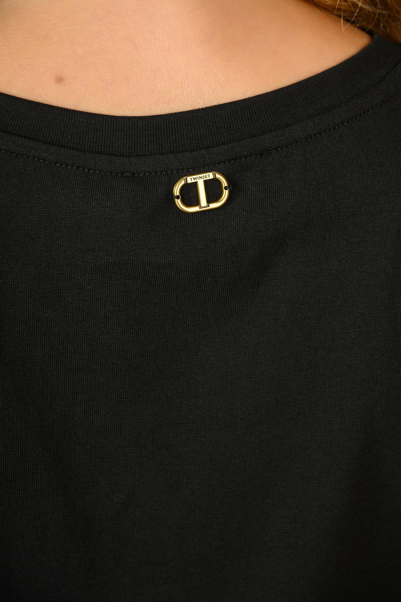 - Детали: Металлическая золотистая фурнитура с логотипом бренда Twin Set на спине, добавляющая изделию премиальности.
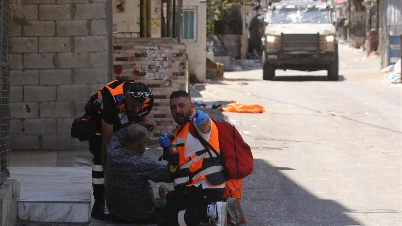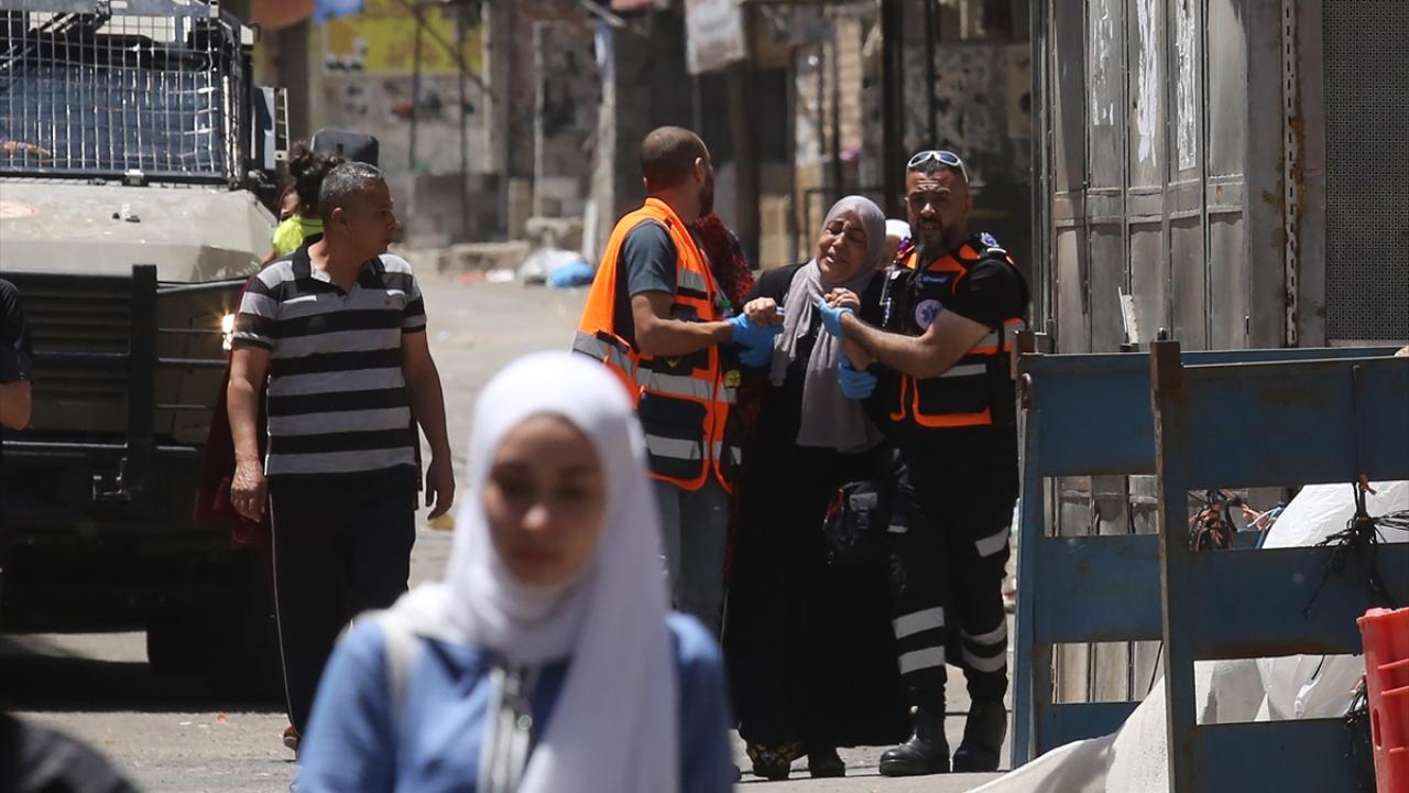 Bölgeden ayrılırken düşen bir Filistinliye, sağlık ekipleri yardım etti.
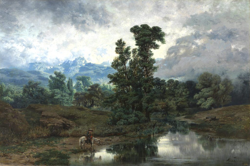 ‘Paisaje del Pardo al disiparse la niebla’. Muñoz Degrain, Antonio 1866. Óleo sobre lienzo, 200 x 300 cm. Madrid, Museo Nacional del Prado. Adquirido en 1867.
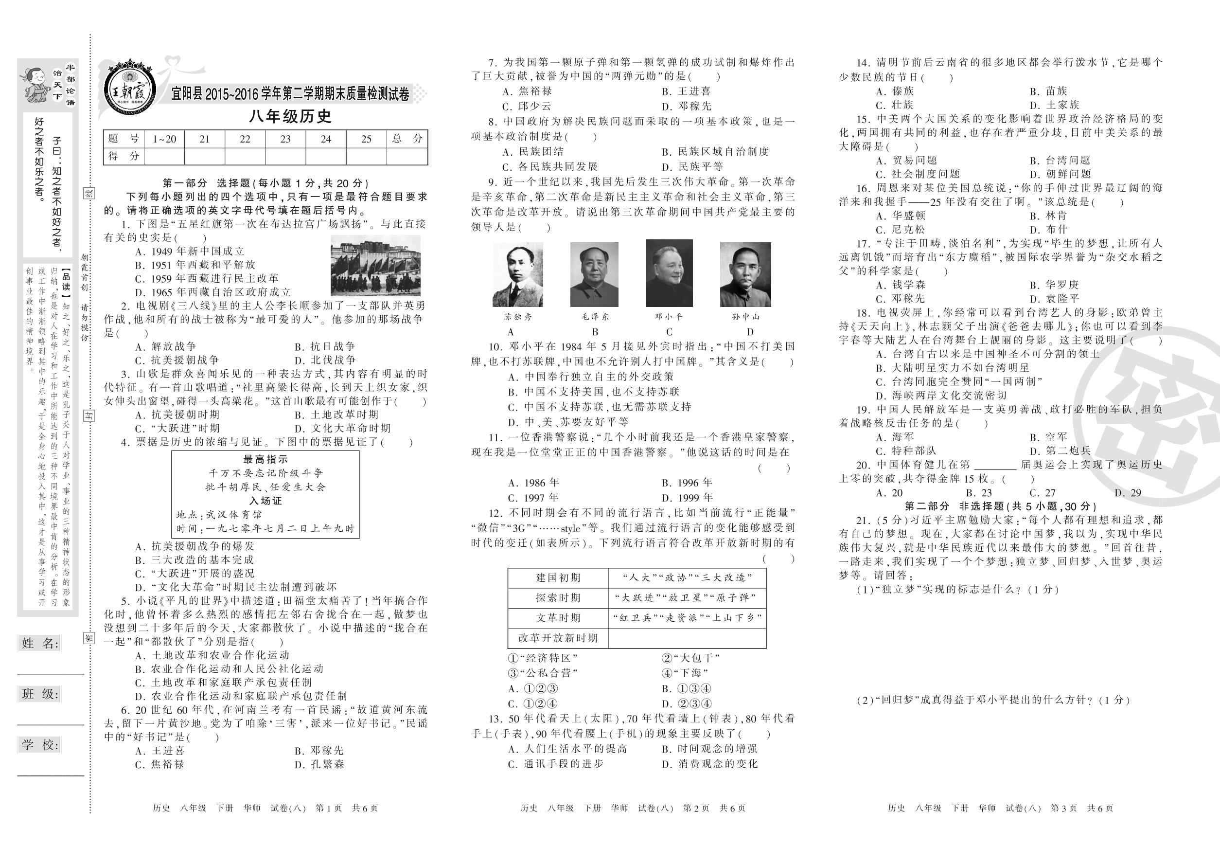 2015-2016学年第二学期洛阳市宜阳县八年级历史试卷(华师版)【8】
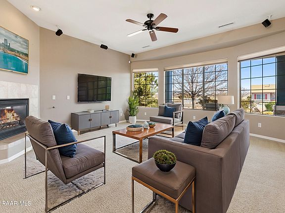 Welcome to small-town charm in the heart of Chino Valley, where this beautiful single-level home in the sought-after Appaloosa Meadows neighborhood awaits. With partial stack stone columns, a gingerbread facade, and low-maintenance mature landscaping, this home offers fantastic curb appeal. Inside, the tiled foyer opens to a spacious great room featuring a bayed area with oversized picture windows, a gas fireplace with a tasteful tile surround, and built-in surround sound speakers. The open-concept layout seamlessly connects the great room, dining area, and kitchen, creating an inviting space perfect for entertaining or daily living. The dining area offers stunning mountain views and overlooks the expansive backyard, providing a serene backdrop for meals. The chef's kitchen is a standout.
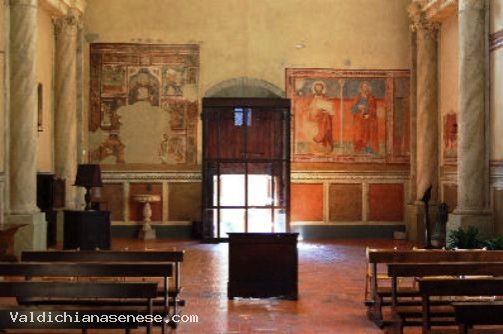 It was built in the second half of the XIIIth century ( on the bell the year 1292 is engraved) according to Romanesque-Gothic architectural canons, that is with a Romanesque cross plan (the classical T shape with a single nave). Inside, lies hidden a small museum made up of various XIVth and XVth century Sienese frescoes, among which one is quite remarkable ,to the point that the church is worth visiting even if only to view such artwork: it’s the colossal figure of Saint Christopher by Niccolò di Segna (XIV). Furthermore, inside the church, there was a Madonna with Child by Lorenzetti. Only the copy is now visible, since the original is housed in the Museum Diocesano in Pienza. Aside from the above mentioned fresco, by Segna, the church also hosts the following artworks: Left hand side of entrance : Saint John Evangelist and Saint Bartholomeus by a Sienese painter(XIII) Left hand side of nave: Saint Nicholas and Saint Cosma and Damien (XIV) Left hand side of nave: Madonna with Child by Sienese painter (XIV) Left hand side of nave: Madonna with Child by Niccolò di Segna (XIII) Left transept: Saint Christopher – Wooden Sculpture (XV) Left transept: Wooden Crucifix (XIII) Left hand side of Apse : The Confession ( Lorenzetti School XIII) Apse : Saint Christopher by Niccolò di Segna (XIII) Apse: Saint Leonard by Niccolò di Segna (XIII) Apse: Tabernacle – Grating by Pietro Betti (1313) Apse: Crucifix Right hand side of nave: Oath of the Vicar by a Sienese painter (XIII) Right hand side of nave: Life of Saint Catherine of Alexandria by Niccolò di Segna (XIII) Right hand side of nave: Madonna with Child and Saints (XV) Right hand side of nave: Saint Peter by Niccolò di Segna (XIII) Right hand side of nave: Holy Water Basin (XIV) Left hand side of nave: Bell (1292) Right hand side of entrance: Blessed Gherardo from Villamagna by a Sienese painter (XIII)
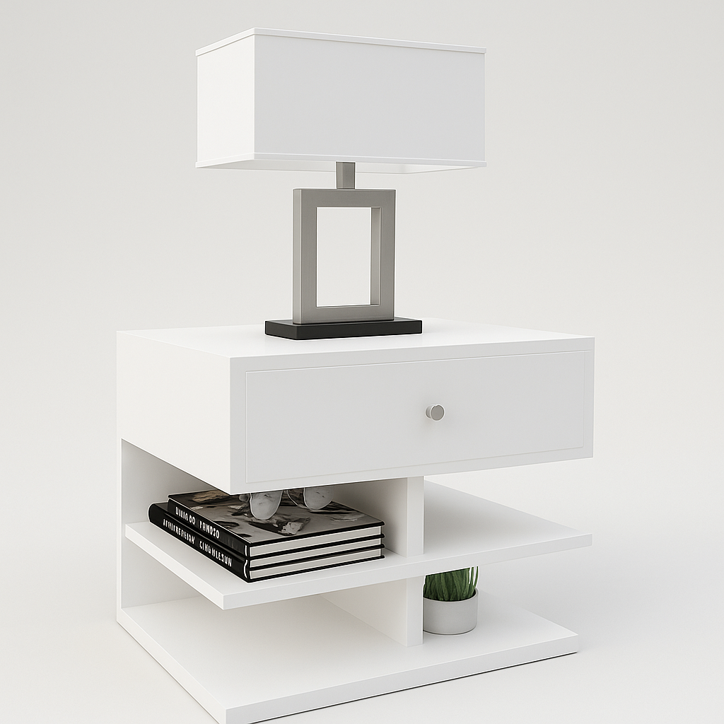La mesa de luz ACHERY fusiona funcionalidad y estética moderna. Compacto pero práctico, ofrece almacenamiento justo al lado de la cama sin perder estilo.
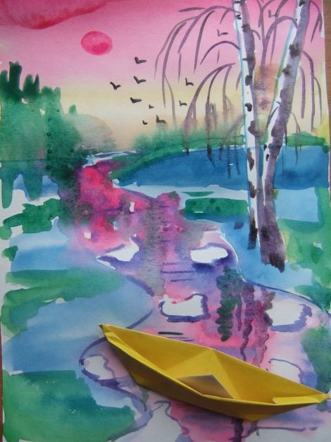Лодку можно как нарисовать, так и выполнить в технике оригами.
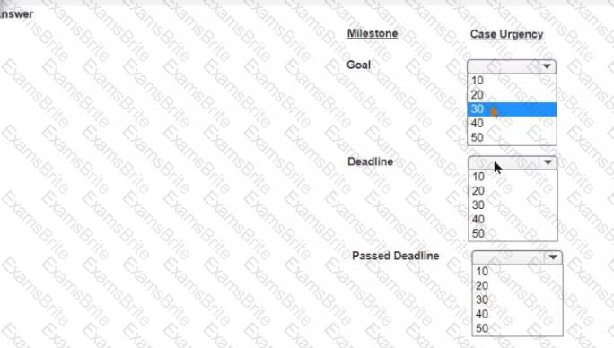 Answer area select the urgency value that the system sets if the assignment is not yet completed by the end of each milestone.
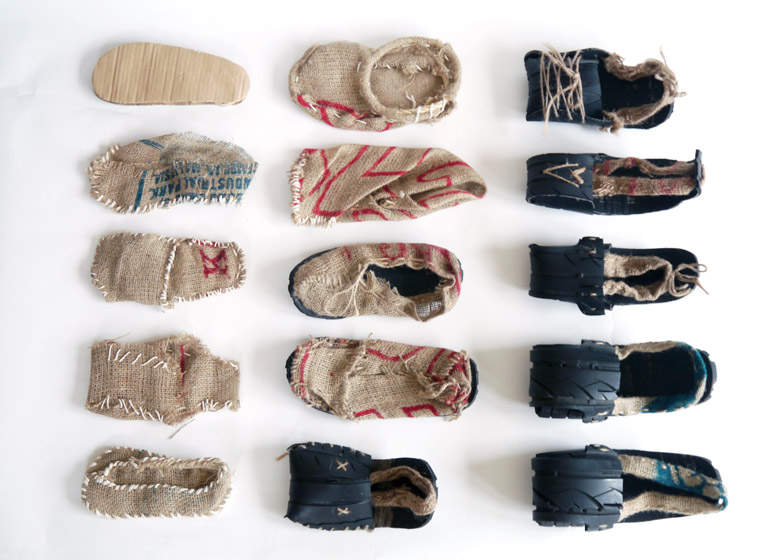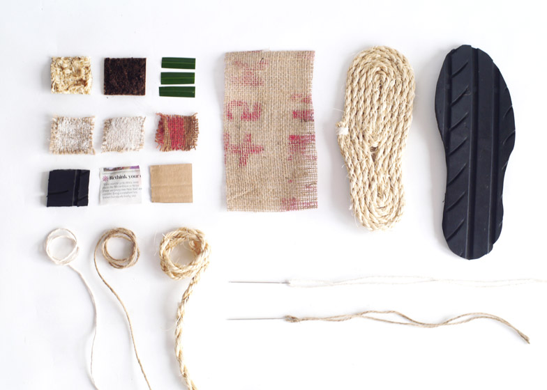 “Rwanda has an abundance of tires, a durable, flexible, waterproof material, which was suitable to be used for the sole of the shoe. Burlap sacks – used to import and export their produce – and hemp rope were other accessible materials that would be used to complete the footwear,” Kitley told Dezeen.
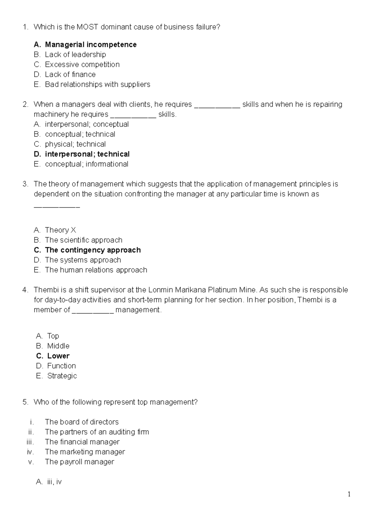 MCQs ch 6 - tut - Which is the MOST dominant cause of business failure ...
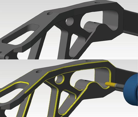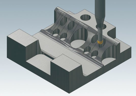 自動エッジ検出と直感的なインターフェースにより、手作業では難しい裏側のエッジ・傾斜穴に対しても均一にバリが取れるツールパスを作成します。ボールエンドミル・キャンディミル・ラジアスエンドミル・あり溝工具など、さまざまな工具を選択でき、工具の進入方向の設定や一筆書きのツールパスを作成します。Mastercam 2025から、Mill・Mill 3Dでも使用可能です(オプション)。
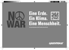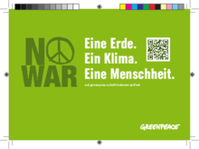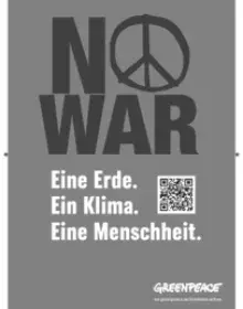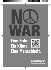 Frieden ist nicht alles, aber ohne Frieden ist alles nichts“, sagte schon Willy Brandt. Gewalt ist keine Lösung, und Krieg kein Mittel der Politik. Frieden ist die Grundlage für ein glückliches Leben ohne Angst für jeden Einzelnen, für eine freie Gesellschaft und für eine demokratische Diskussion um Werte wie Umweltschutz: "Let's make it a Green Peace!"
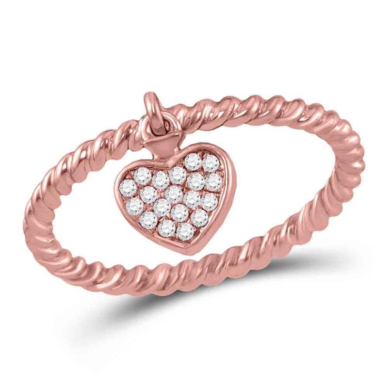10kt Rose Gold Womens Round Diamond Heart Dangle Stackable Band Ring 1/10 Cttw
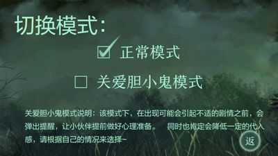 Советы: сюжет содержит некоторые картинки ужасов, вы можете выбрать [Режим заботы о робких] в [Титульная страница]-[Режим переключения]
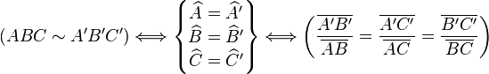 Semajanza de Triangulos.Dos triángulos son semejantes si las razones de los lados correspondientes son congruentes.
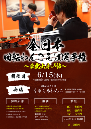 「回転わんこそば くるくるわんこ」は、TVやYouTube、雑誌など様々なメディアで話題となっており、この度新たなイベント「全日本回転わんこそば選手権」を開催いたします。この選手権は、豪華な賞金が用意されており、参加者は自身の胃袋の限界に挑戦しながら、賞金獲得を目指します。
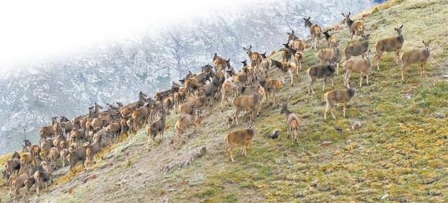 国家一级野生保护动物白唇鹿群现身祁连山
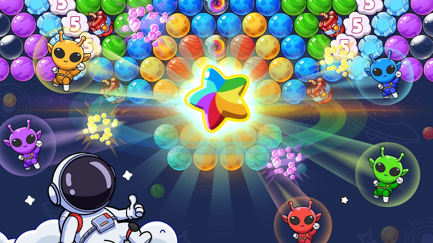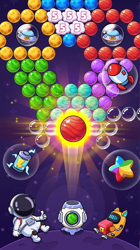 Your mission is to join the bubble shooter journey with an astronaut 🧑🏻🚀 and a cute cat robot 🤖, help them liberate planets 🪐, defeat alien monsters 👾, free the friendly aliens 👽 and rescue their spaceships 🛸!
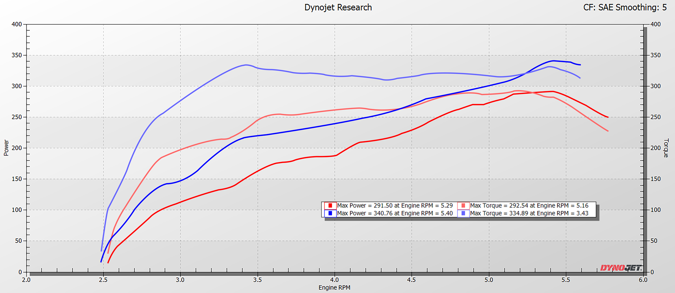 We strapped a totally stock truck up to our Dynojet dynamometer with the only modification being our TruControl. The F150 produced a baseline horsepower of 291 and 292 torque with 89 octane. With the TruControl by STILLEN Inline Power Module, the F150 produced 341 HP and a staggering 334 TQ at the wheels. This is a massive 50 HP and 73 TQ gain at the rear-wheels gain by simply plugging in the TruControl by STILLEN Inline Power Module.

-*-*-

Problem description: Word for word, copy all the entries above, but with no pictures.

Completed task:
 - Детали: Металлическая золотистая фурнитура с логотипом бренда Twin Set на спине, добавляющая изделию премиальности.
 Bölgeden ayrılırken düşen bir Filistinliye, sağlık ekipleri yardım etti.
 ‘Paisaje del Pardo al disiparse la niebla’. Muñoz Degrain, Antonio 1866. Óleo sobre lienzo, 200 x 300 cm. Madrid, Museo Nacional del Prado. Adquirido en 1867.
 2015-2016学年第二学期洛阳市宜阳县八年级历史试卷(华师版)【8】
 Welcome to small-town charm in the heart of Chino Valley, where this beautiful single-level home in the sought-after Appaloosa Meadows neighborhood awaits. With partial stack stone columns, a gingerbread facade, and low-maintenance mature landscaping, this home offers fantastic curb appeal. Inside, the tiled foyer opens to a spacious great room featuring a bayed area with oversized picture windows, a gas fireplace with a tasteful tile surround, and built-in surround sound speakers. The open-concept layout seamlessly connects the great room, dining area, and kitchen, creating an inviting space perfect for entertaining or daily living. The dining area offers stunning mountain views and overlooks the expansive backyard, providing a serene backdrop for meals. The chef's kitchen is a standout.
 It was built in the second half of the XIIIth century ( on the bell the year 1292 is engraved) according to Romanesque-Gothic architectural canons, that is with a Romanesque cross plan (the classical T shape with a single nave). Inside, lies hidden a small museum made up of various XIVth and XVth century Sienese frescoes, among which one is quite remarkable ,to the point that the church is worth visiting even if only to view such artwork: it’s the colossal figure of Saint Christopher by Niccolò di Segna (XIV). Furthermore, inside the church, there was a Madonna with Child by Lorenzetti. Only the copy is now visible, since the original is housed in the Museum Diocesano in Pienza. Aside from the above mentioned fresco, by Segna, the church also hosts the following artworks: Left hand side of entrance : Saint John Evangelist and Saint Bartholomeus by a Sienese painter(XIII) Left hand side of nave: Saint Nicholas and Saint Cosma and Damien (XIV) Left hand side of nave: Madonna with Child by Sienese painter (XIV) Left hand side of nave: Madonna with Child by Niccolò di Segna (XIII) Left transept: Saint Christopher – Wooden Sculpture (XV) Left transept: Wooden Crucifix (XIII) Left hand side of Apse : The Confession ( Lorenzetti School XIII) Apse : Saint Christopher by Niccolò di Segna (XIII) Apse: Saint Leonard by Niccolò di Segna (XIII) Apse: Tabernacle – Grating by Pietro Betti (1313) Apse: Crucifix Right hand side of nave: Oath of the Vicar by a Sienese painter (XIII) Right hand side of nave: Life of Saint Catherine of Alexandria by Niccolò di Segna (XIII) Right hand side of nave: Madonna with Child and Saints (XV) Right hand side of nave: Saint Peter by Niccolò di Segna (XIII) Right hand side of nave: Holy Water Basin (XIV) Left hand side of nave: Bell (1292) Right hand side of entrance: Blessed Gherardo from Villamagna by a Sienese painter (XIII)
La mesa de luz ACHERY fusiona funcionalidad y estética moderna. Compacto pero práctico, ofrece almacenamiento justo al lado de la cama sin perder estilo.
Лодку можно как нарисовать, так и выполнить в технике оригами.
 Answer area select the urgency value that the system sets if the assignment is not yet completed by the end of each milestone.
 “Rwanda has an abundance of tires, a durable, flexible, waterproof material, which was suitable to be used for the sole of the shoe. Burlap sacks – used to import and export their produce – and hemp rope were other accessible materials that would be used to complete the footwear,” Kitley told Dezeen.
 MCQs ch 6 - tut - Which is the MOST dominant cause of business failure ...
 自動エッジ検出と直感的なインターフェースにより、手作業では難しい裏側のエッジ・傾斜穴に対しても均一にバリが取れるツールパスを作成します。ボールエンドミル・キャンディミル・ラジアスエンドミル・あり溝工具など、さまざまな工具を選択でき、工具の進入方向の設定や一筆書きのツールパスを作成します。Mastercam 2025から、Mill・Mill 3Dでも使用可能です(オプション)。
 Frieden ist nicht alles, aber ohne Frieden ist alles nichts“, sagte schon Willy Brandt. Gewalt ist keine Lösung, und Krieg kein Mittel der Politik. Frieden ist die Grundlage für ein glückliches Leben ohne Angst für jeden Einzelnen, für eine freie Gesellschaft und für eine demokratische Diskussion um Werte wie Umweltschutz: "Let's make it a Green Peace!"
10kt Rose Gold Womens Round Diamond Heart Dangle Stackable Band Ring 1/10 Cttw
 Советы: сюжет содержит некоторые картинки ужасов, вы можете выбрать [Режим заботы о робких] в [Титульная страница]-[Режим переключения]
 Semajanza de Triangulos.Dos triángulos son semejantes si las razones de los lados correspondientes son congruentes.
 「回転わんこそば くるくるわんこ」は、TVやYouTube、雑誌など様々なメディアで話題となっており、この度新たなイベント「全日本回転わんこそば選手権」を開催いたします。この選手権は、豪華な賞金が用意されており、参加者は自身の胃袋の限界に挑戦しながら、賞金獲得を目指します。
 国家一级野生保护动物白唇鹿群现身祁连山
 Your mission is to join the bubble shooter journey with an astronaut 🧑🏻🚀 and a cute cat robot 🤖, help them liberate planets 🪐, defeat alien monsters 👾, free the friendly aliens 👽 and rescue their spaceships 🛸!
 We strapped a totally stock truck up to our Dynojet dynamometer with the only modification being our TruControl. The F150 produced a baseline horsepower of 291 and 292 torque with 89 octane. With the TruControl by STILLEN Inline Power Module, the F150 produced 341 HP and a staggering 334 TQ at the wheels. This is a massive 50 HP and 73 TQ gain at the rear-wheels gain by simply plugging in the TruControl by STILLEN Inline Power Module.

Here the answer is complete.